Under this line are records; the part from the line containing "(F6),或者右键单击 (Windows) 或按住" through the line containing "民国五年(1916年)泰宁总" should be repeated exactly. Please exclude pictures.

Records supplied
————

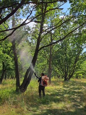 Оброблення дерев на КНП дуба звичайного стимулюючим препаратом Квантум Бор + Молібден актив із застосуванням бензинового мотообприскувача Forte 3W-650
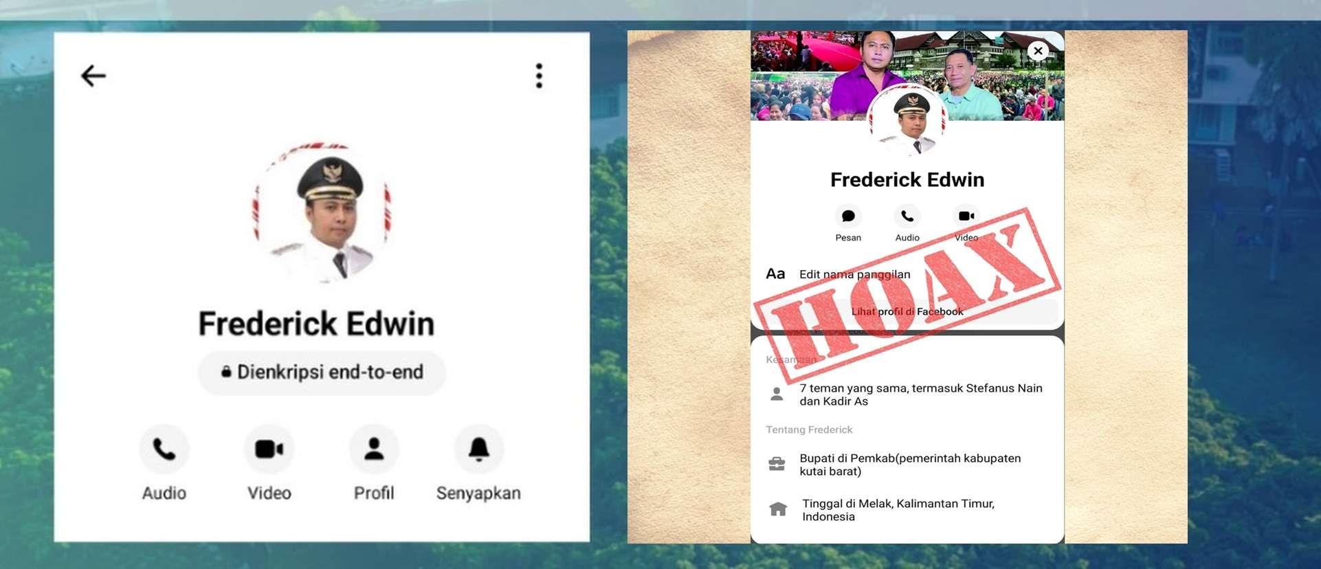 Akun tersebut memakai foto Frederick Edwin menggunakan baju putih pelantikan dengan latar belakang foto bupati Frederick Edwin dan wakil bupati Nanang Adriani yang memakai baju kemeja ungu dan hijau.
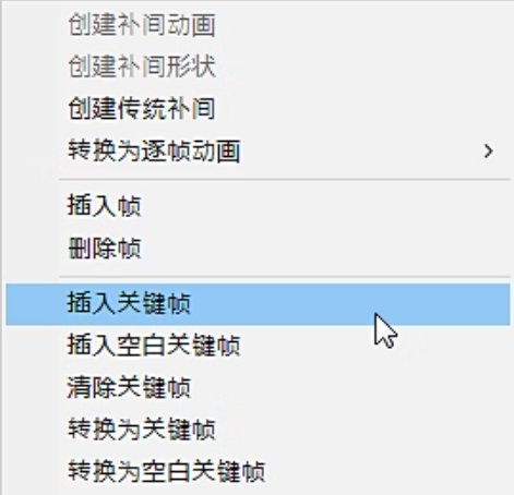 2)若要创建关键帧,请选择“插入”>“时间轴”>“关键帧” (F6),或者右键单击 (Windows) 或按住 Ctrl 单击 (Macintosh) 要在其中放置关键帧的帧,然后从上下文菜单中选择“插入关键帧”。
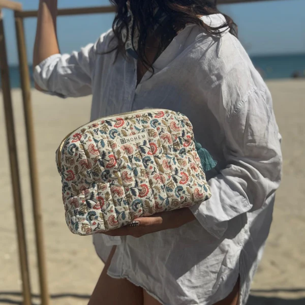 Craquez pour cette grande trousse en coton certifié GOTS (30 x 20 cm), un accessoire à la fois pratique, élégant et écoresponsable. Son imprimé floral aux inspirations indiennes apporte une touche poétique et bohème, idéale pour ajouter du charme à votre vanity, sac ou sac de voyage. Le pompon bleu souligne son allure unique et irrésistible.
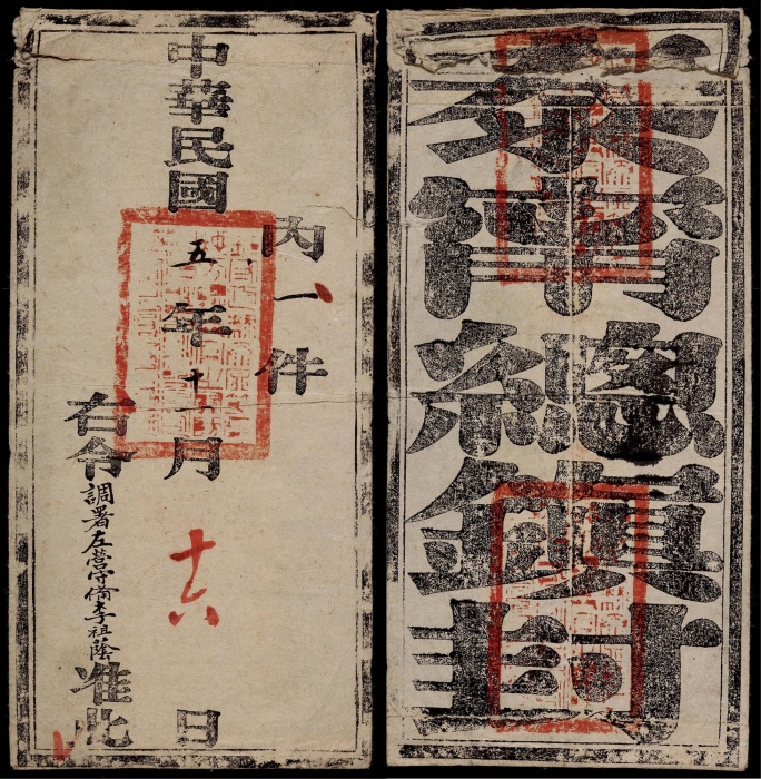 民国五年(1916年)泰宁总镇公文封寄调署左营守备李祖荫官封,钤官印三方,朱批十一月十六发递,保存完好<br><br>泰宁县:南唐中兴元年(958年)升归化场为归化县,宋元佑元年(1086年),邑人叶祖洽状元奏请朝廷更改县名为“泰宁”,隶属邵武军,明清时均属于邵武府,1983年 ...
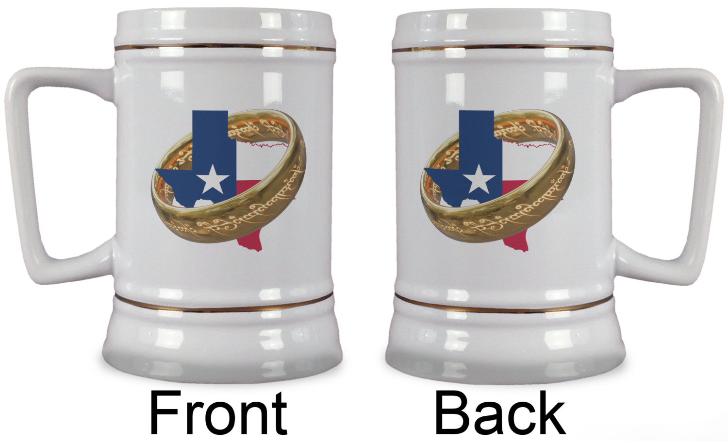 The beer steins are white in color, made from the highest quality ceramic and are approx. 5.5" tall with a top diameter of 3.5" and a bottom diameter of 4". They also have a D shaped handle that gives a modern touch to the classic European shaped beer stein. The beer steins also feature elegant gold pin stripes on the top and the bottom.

————

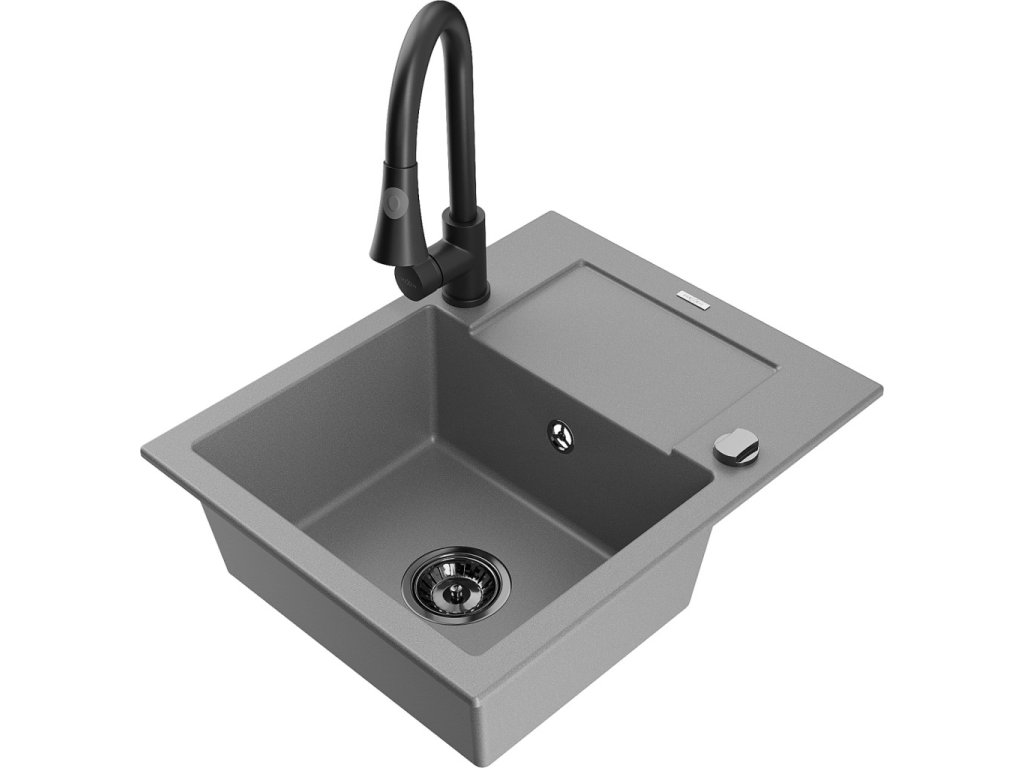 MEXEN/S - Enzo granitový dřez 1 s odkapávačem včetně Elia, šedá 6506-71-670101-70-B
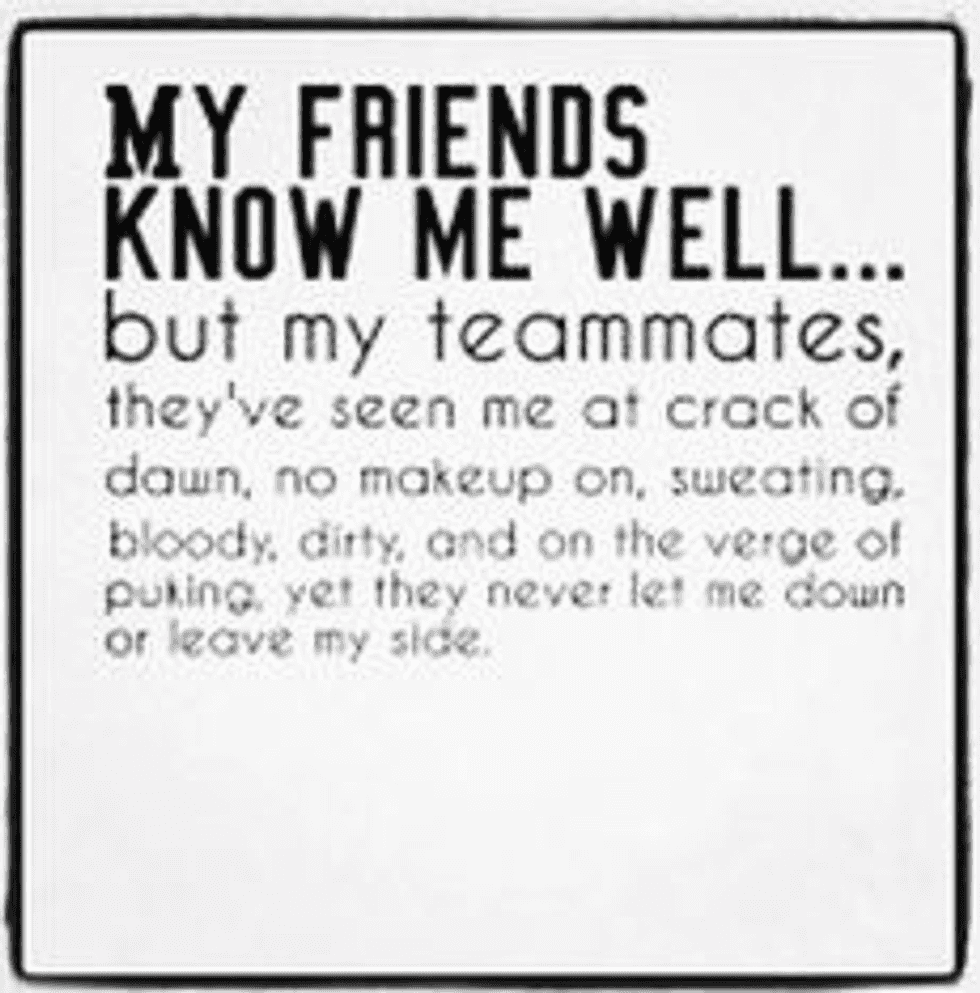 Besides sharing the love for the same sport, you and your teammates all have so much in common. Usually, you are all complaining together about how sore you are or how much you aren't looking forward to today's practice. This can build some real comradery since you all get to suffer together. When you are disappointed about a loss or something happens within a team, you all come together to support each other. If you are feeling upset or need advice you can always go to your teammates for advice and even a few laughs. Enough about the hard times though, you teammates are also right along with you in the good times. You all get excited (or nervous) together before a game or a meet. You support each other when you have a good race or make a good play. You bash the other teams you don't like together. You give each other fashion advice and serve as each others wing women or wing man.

————

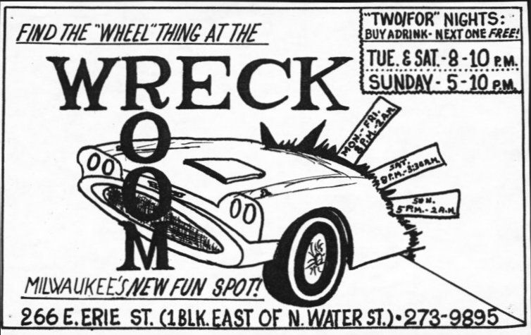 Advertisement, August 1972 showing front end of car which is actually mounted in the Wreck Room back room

————

Answer box
 2)若要创建关键帧,请选择“插入”>“时间轴”>“关键帧” (F6),或者右键单击 (Windows) 或按住 Ctrl 单击 (Macintosh) 要在其中放置关键帧的帧,然后从上下文菜单中选择“插入关键帧”。
 Craquez pour cette grande trousse en coton certifié GOTS (30 x 20 cm), un accessoire à la fois pratique, élégant et écoresponsable. Son imprimé floral aux inspirations indiennes apporte une touche poétique et bohème, idéale pour ajouter du charme à votre vanity, sac ou sac de voyage. Le pompon bleu souligne son allure unique et irrésistible.
 民国五年(1916年)泰宁总镇公文封寄调署左营守备李祖荫官封,钤官印三方,朱批十一月十六发递,保存完好<br><br>泰宁县:南唐中兴元年(958年)升归化场为归化县,宋元佑元年(1086年),邑人叶祖洽状元奏请朝廷更改县名为“泰宁”,隶属邵武军,明清时均属于邵武府,1983年 ...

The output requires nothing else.